For those who have not studied the UK Courts system, and don’t really grasp the differences, there are Magistrates Courts, County Courts, Crown Courts and High Courts. (There are also Appeal Courts, which tend to come under the umbrella of High Courts).

Crown Courts and some High Courts (e.g. the Old Bailey) are Common Law Courts (or, at least, they are supposed to be!) The problem is that Judges think they can tell a Jury what to do – even though that is strictly debarred by The Common Law. It’s very simple: “If the Jury is simply there to rubber-stamp what a Judge tells them, then there is absolutely no point to the presence of the Jury”. All the time, trouble and expense of requisitioning and convening the Jury is wasted – if they simply rubber-stamp on the Judge’s orders. So, while such ‘pseudo-tyranny’ takes place, there are no real Common Law Courts remaining. However (as I said) now and again – usually when the bias against the Accused is too blatant to ignore – Juries have been known to do their job properly. Common Law Courts are – primarily – employed for serious CRIMES – however (due to a historical ‘quirk’) they are also employed for the CIVIL matters of libel and slander.

There are no other kinds of Common Law Courts. All the others, namely County Courts (for CIVIL Claims, including the Small Claims Courts) and Magistrates Courts (for ‘Summary CRIMINAL’ Hearings) have only ‘Legislative jurisdiction’. Which means ‘tyranny rules the day’. Even in the case of a Bench of three Magistrates, the two at the side will be simply ‘nodding dogs’ to the ‘chair’ in the middle. A Magistrates Court also forms the sole route to a Crown Court Trial.

However, going back to the essence of The Common Law, in Crown Courts, the real job of the Judge is restricted to that of ‘referee’. To impartially ensure that all evidence placed before the Jury meets the standards of true and valid evidence, namely first-hand knowledge – no ‘hearsay’. And Witnesses are required to swear an Oath to “Tell the truth, the whole truth, and nothing but the truth” before providing testimony. Thus the essence of The Common Law is fulfilled  i.e. that THE TRUTH is the most important thing, in order to decide the outcome.

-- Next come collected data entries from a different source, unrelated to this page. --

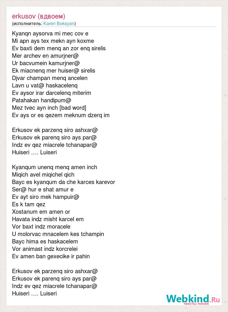 Kyanqn aysorva mi mec cov e Mi apn ays tex mekn ayn koxme Ev baxti dem menq an zor enq sirelis Mer archev en amurjner@ Ur bacvumein kamurjner@ Ek miacnenq mer huiser@ sirelis Djvar champan menq ancelen Lavn u vat@ haskacelenq Ev aysor irar darcelenq miterim Patahakan handipum@ Mez tvec ayn inch [bad word] Ev ays or es qezem meknum dzerq im Erkusov ek parzenq siro ashxar@ Erkusov ek parenq siro ays par@ Indz ev qez miacrele tchanapar@ Huiseri …. Luiseri Kyanqum unenq menq amen inch Miqich avel miqichel qich Bayc es kyanqum da che karces karevor Ser@ hur e shat amur e Ev ayt siro mek hampuir@ Es k tam qez Xostanum em amen or Havata indz misht karcel em Vor baxt indz moracele U molorvac mnacelem kes tchampin Bayc hima es haskacelem Vor animast indz korcrelei Ev amen ban gexecike ir pahin Erkusov ek parzenq siro ashxar@ Erkusov ek parenq siro ays par@ Indz ev qez miacrele tchanapar@ Huiseri …. Luiseri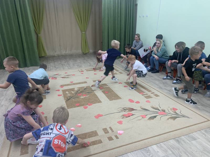 Дети вместе с мамами с удовольствием участвовали в предложенных конкурсах: рисовали мамам прически, дарили сердечки, выполняли логоритмические разминки, вспоминали детские песенки о маме. Закончилось развлечение совместным танцем.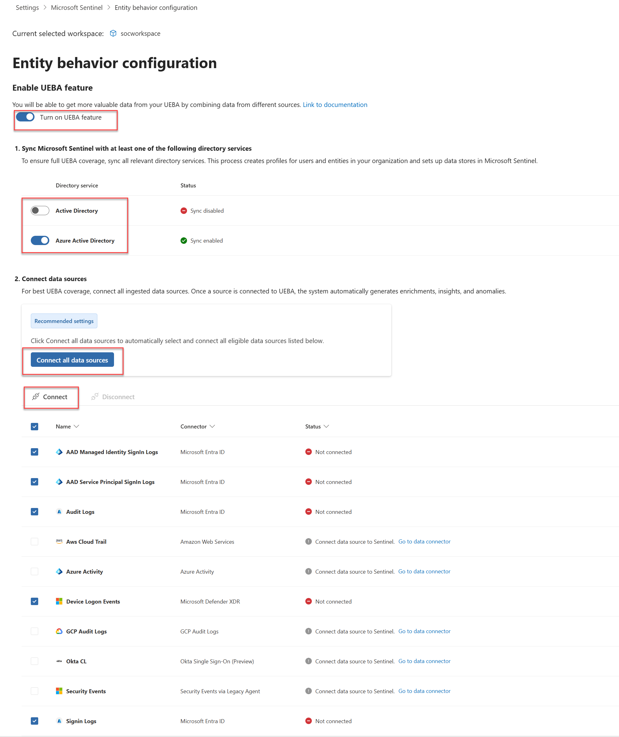 • Aktivieren Sie in den Microsoft Sentinel-Arbeitsbereichseinstellungen UEBA für Ihren Arbeitsbereich, und wählen Sie aus, welche Datenquellen im Microsoft Defender-Portal oder azure-Portal verbunden werden sollen.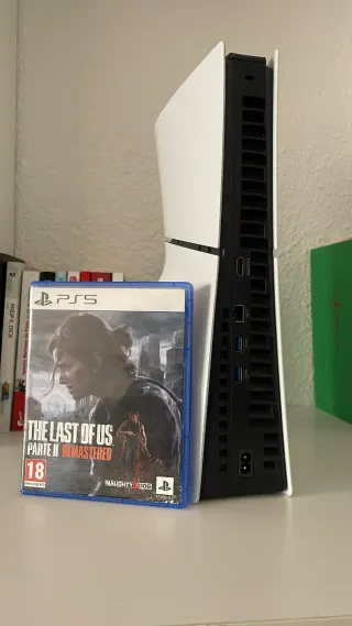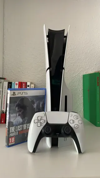 Consola de videojuegos en color blanco. - Modelo: Playstation 5 Slim - Capacidad: 1TB - Incluye mando DualSense blanco. - Incluye 3 juegos • Físico: ○ The last of us • Digitales: ○ Spiderman 2 ○ Black Myth: Wukong NO NEGOCIABLE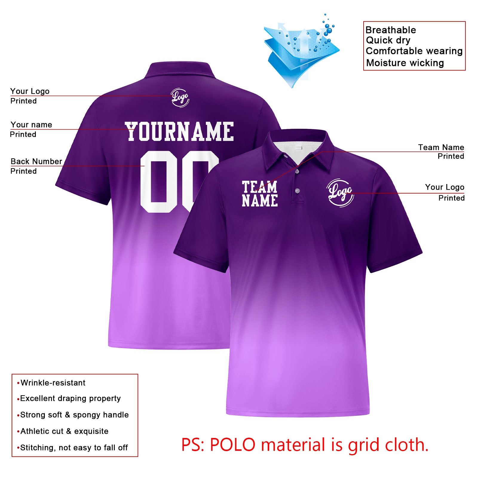 Benutzerdefinierte Lila Lichtlila Fußball Gradient Polo-Shirts Fügen Sie Ihr Einzigartiges hinzu Logo/Name/Nummer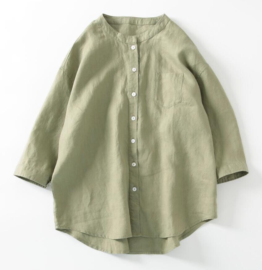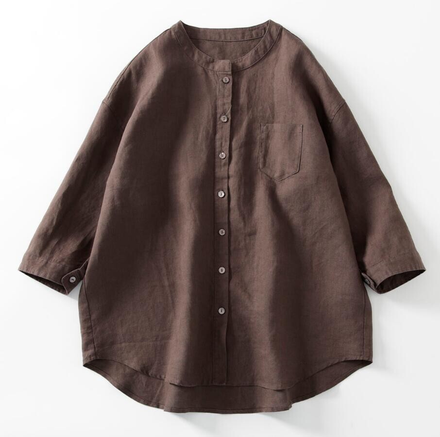 新品 秋 冬 M-2XLサイズ春夏新品 ゆったり 大きいサイズ 綿麻シャツ リネン 大人 7分袖 シャツブラウス 麻混 トップスベージュ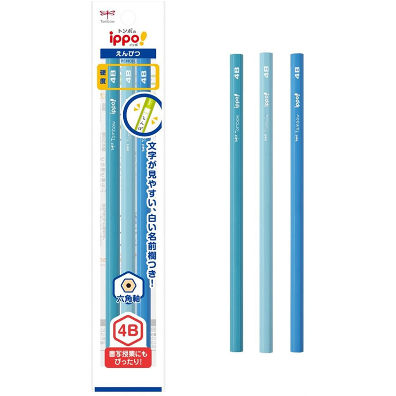 トンボ鉛筆 ippo!かきかた鉛筆4B 3本ライトブルー系 ACA-365C 1パック(ご注文単位1パック)【直送品】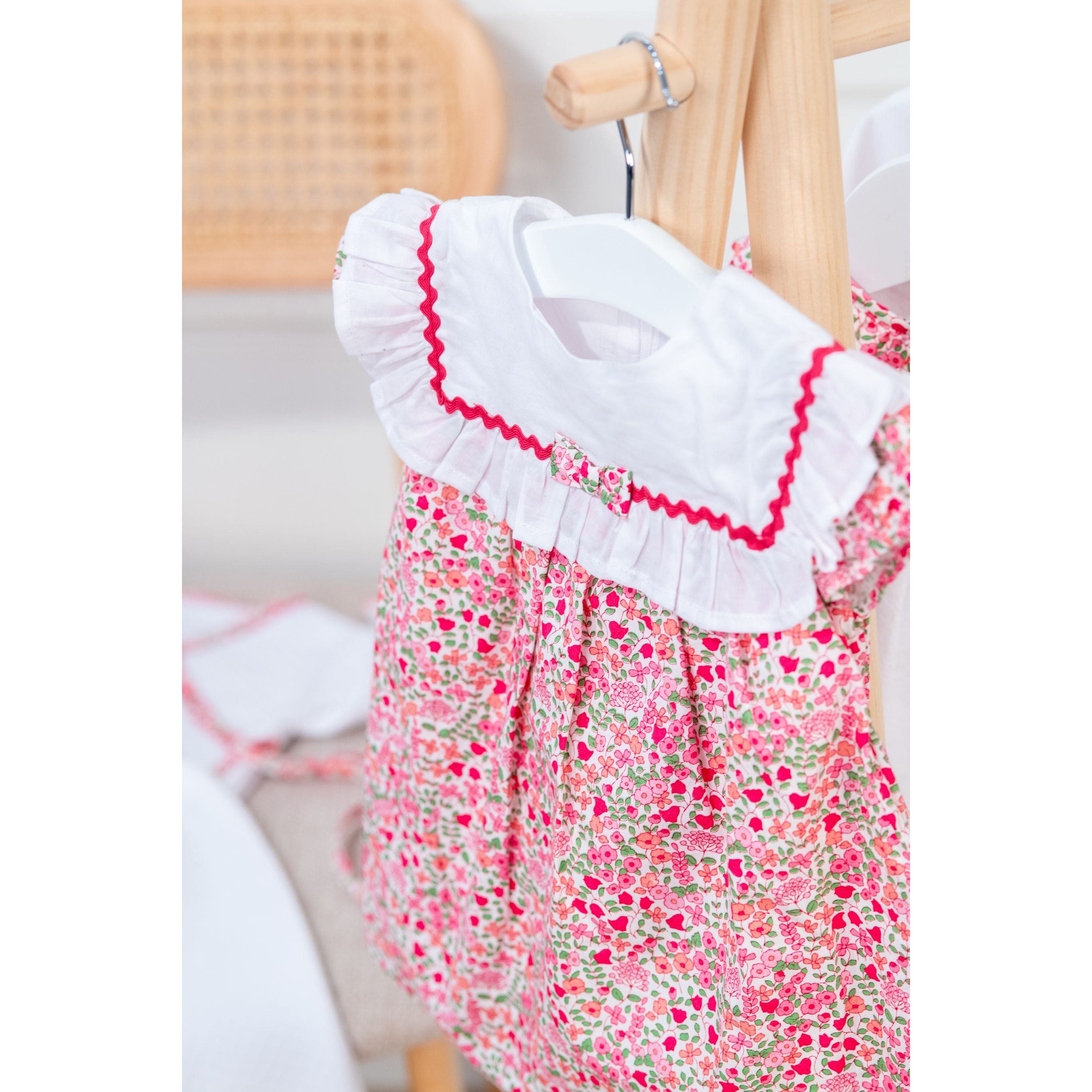 Discover the essence of spring with this delightful infant dress featuring a delicate floral print in shades of pink and green. Versatile enough for any event, simply add sandals and a hat for a perfect outfit. Also includes a bloomer for a complete and stylish occasion set.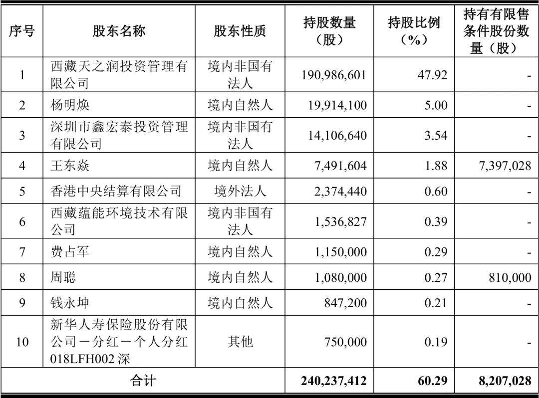 截至本募集说明书签署之日,西藏天之润直接持有发行人171,057,001股股份,占发行人总股本的比例为 42.92%;同时,西藏天之润通过控制深圳鑫宏泰间接控制发行人3.54%的股份,合计控制发行人46.46%股份,因此,西藏天之润为发行人的控股股东。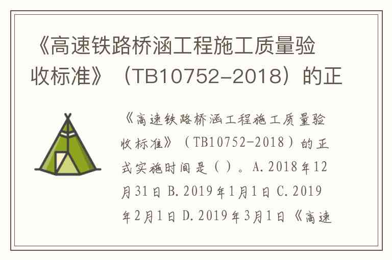 《高速铁路桥涵工程施工质量验收标准》(TB10752-2018)的正式实施时间是()。A.2018年12月31日 B.2019年1月1日 C.2019年2月1日 D.2019年3月1日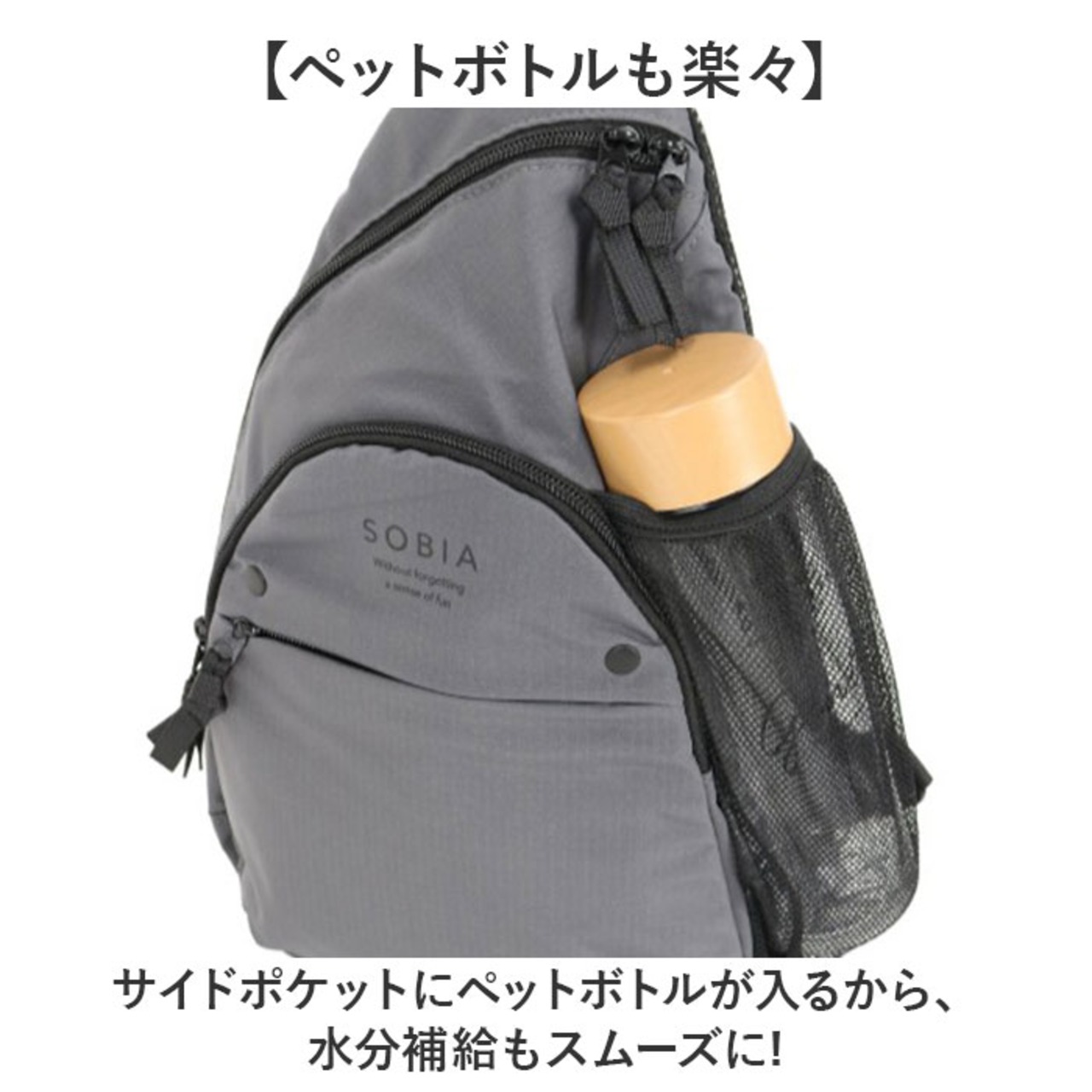 ・サイドポケットにペットボトルが入るから、水分補給もスムーズに!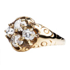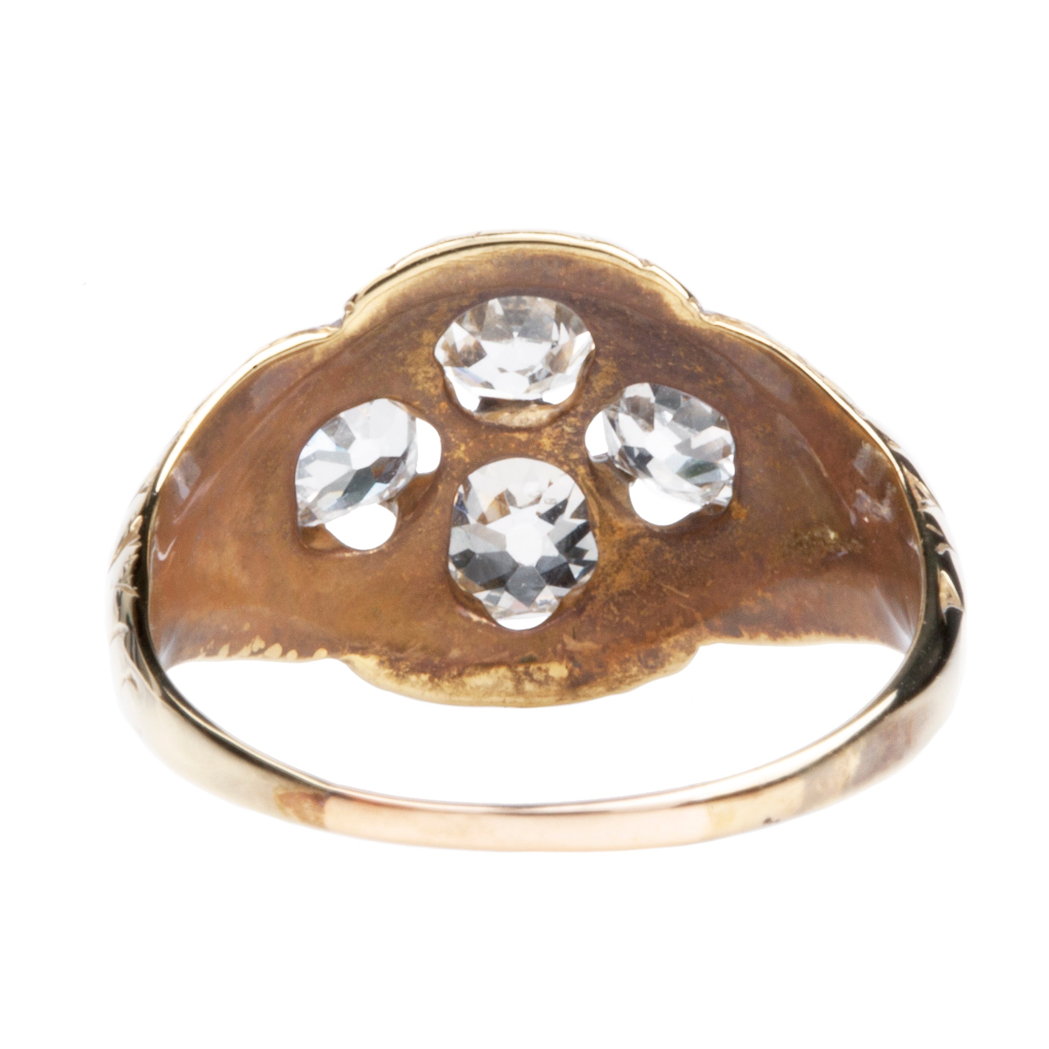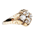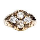 Victorian era four stone diamond cluster ring. Four Old Mine cut diamond set in 14k claw style settings, with engraved Victorian details. Approximately 0.90 carats in total diamond weight. English in origin. Circa 1890.

In all the other Courts this is not so. In Magistrates and County Courts, hearsay is perfectly acceptable. In a County Court no-one takes an Oath, in a Magistrates Court an Oath may- or may not – be taken by Witnesses, but in all cases THE TRUTH is pretty much irrelevant. All that is relevant is the ‘wording of a Statute’, and computer-generated outputs.  As I said, it’s a recipe for tyranny.